Apache Spark 3.0.0 was officially launched just before the Spark Summit AI conference, concluding a 21‑month development effort that began on 2 Oct 2018. The release followed two preview versions and three voting rounds (RC1, RC2, RC3) and resolves more than 3,400 JIRA issues across Spark’s components.

Key New Features

Dynamic Partition Pruning

Adaptive Query Execution (AQE)

Accelerator‑aware Scheduling

DataSource API V2

Enhanced pandas UDFs with Python type hints

Comprehensive join hints

New built‑in functions for Scala

Improved monitoring UI and EXPLAIN command

Better ANSI‑SQL compatibility

SparkR vectorization using Apache Arrow

Kafka streaming support for message headers

GPU/FPGA scheduling, Kubernetes enhancements, JDK 11, Scala 2.12, Hadoop 3.x, Python 3.x, and other platform updates

Dynamic Partition Pruning

This optimization prunes unnecessary partitions at runtime based on filter predicates. For example, a query joining dim_iteblog and fact_iteblog can skip scanning large portions of the fact table, yielding up to a 33× speedup and 2‑18× gains on 60 of 102 TPC‑DS queries (see SPARK‑11150, SPARK‑28888).
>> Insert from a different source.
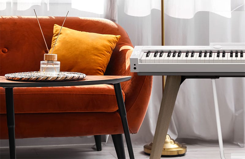 La música es un arte que se viene implementando en la decoración del hogar. Uno de los instrumentos musicales más utilizados es el piano, en especial el modelo Privia PX-S7000 de Casio. Gracias a su estética minimalista, se recomienda colocarlo en un espacio iluminado, acompañado de cuadros abstractos en la pared o una lámpara de pie elegante junto a él.
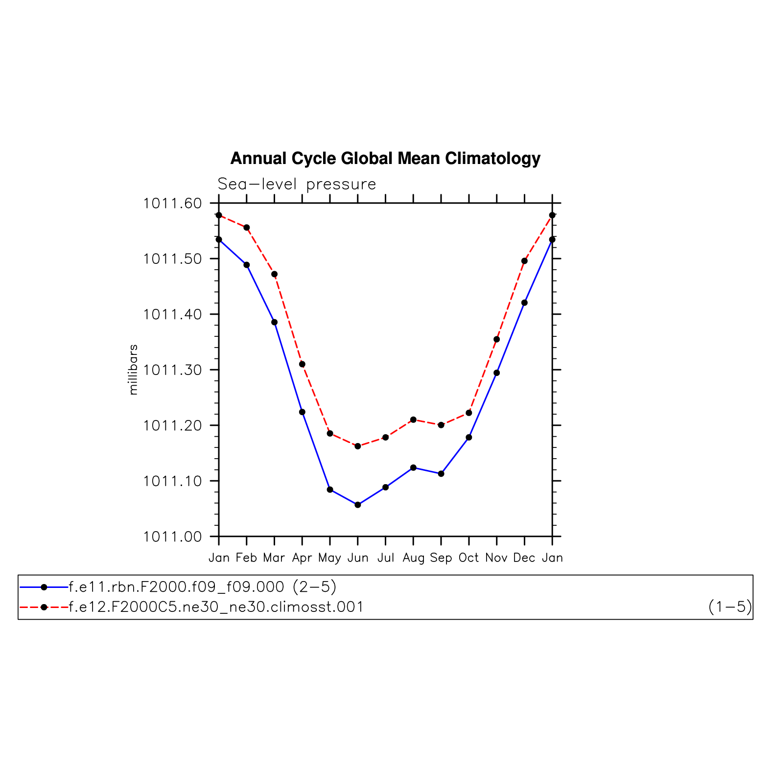 DIAG Set 10 - Annual cycle line plots of global means

Adaptive Query Execution (AQE)

AQE allows Spark SQL to adjust execution plans during runtime using collected statistics. Implemented from the ideas in SPARK‑9850, the feature provides three capabilities: dynamic shuffle‑partition merging, join‑strategy adaptation, and skew‑join optimization. Enabling it requires setting spark.sql.adaptive=true (default false). Benchmarks on a 1 TB TPC‑DS dataset show up to 8× speedup for query q77 and 2× for q5 (see SPARK‑23128).

Accelerator‑aware Scheduling

To better utilize GPUs, FPGAs, and TPUs, Spark 3.0 adds native support for accelerator‑aware task scheduling, aligning with efforts from Databricks, NVIDIA, Google, and Alibaba. The work is tracked in SPARK‑24615 and the SPIP document “Accelerator‑aware scheduling”.

DataSource API V2

DataSource V2 decouples data‑source APIs from higher‑level Spark components, improving extensibility and eliminating many limitations of V1 (e.g., reliance on SQLContext, limited push‑down, no transactional writes, no streaming support). The stable version ships with Spark 3.0, referenced by SPARK‑15689, SPARK‑25186, and SPARK‑22386.

Enhanced APIs and Functions

Spark 3.0 introduces new pandas UDF types (iterator‑of‑series → iterator‑of‑series, iterator‑of‑multiple‑series → iterator‑of‑series) and three pandas function APIs (grouped map, map, co‑grouped map). It also adds a full set of join hints (SHUFFLE_MERGE, SHUFFLE_HASH, SHUFFLE_REPLICATE_NL) and 32 new Scala built‑in functions, including map‑specific utilities such as transform_key and map_zip_with.

Monitoring Improvements

The Structured Streaming UI has been redesigned to show aggregate job information and detailed metrics (input rate, process rate, batch duration, etc.). The EXPLAIN command now supports a formatted output mode and can dump plans to files. Observable metrics allow custom aggregation functions to emit events after query completion.

ANSI‑SQL Compatibility

To narrow gaps with PostgreSQL and the ANSI‑SQL:2011 standard, Spark 3.0 addresses 231 sub‑issues (SPARK‑27764), adding missing functions, handling reserved keywords, and improving compliance.

SparkR Vectorization

SparkR now leverages Apache Arrow for vectorized reads and writes, eliminating costly JVM‑based serialization and achieving performance gains of several thousand times for R‑to‑Spark data exchanges (see SPARK‑26759).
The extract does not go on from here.